No circularity; claims rest on independent proofs for private tests in censored models

full rationale

The paper develops private partial-likelihood-ratio and score-type tests plus a private calibration procedure for rejection thresholds in Cox models, along with a private distributed two-sample test for cumulative hazards. It claims to prove differential privacy, finite-sample type-I error control, and minimax lower bounds directly from the right-censored data model and standard DP mechanisms. No quoted step reduces a derived quantity to a fitted input by construction, invokes a self-citation as the sole justification for a uniqueness or ansatz claim, or renames a known empirical pattern. The derivation chain is therefore self-contained against external benchmarks such as classical Cox partial likelihood and DP composition theorems.

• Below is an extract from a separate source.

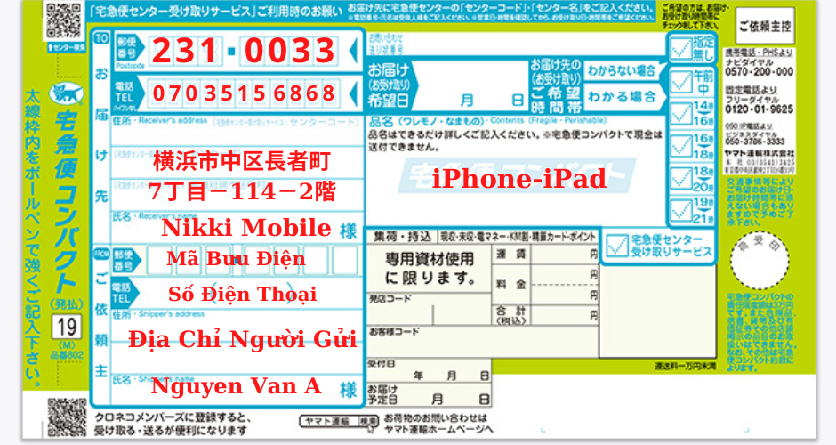 Gửi đồ qua Yamato bằng hình thức 宅急便コンパクト

Axiom & Free-Parameter Ledger

1 free parameters · 1 axioms · 0 invented entities

Based on abstract only; limited visibility into specific parameters or assumptions beyond standard survival models.

free parameters (1)
  • privacy budget epsilon
    Differential privacy mechanisms require choosing or calibrating a privacy parameter that controls the noise level and may be tuned in the private calibration procedure.
axioms (1)
  • domain assumption Data follows right-censored survival model with Cox proportional hazards structure
    Tests are developed specifically for Cox regression coefficients and cumulative hazards under right-censoring.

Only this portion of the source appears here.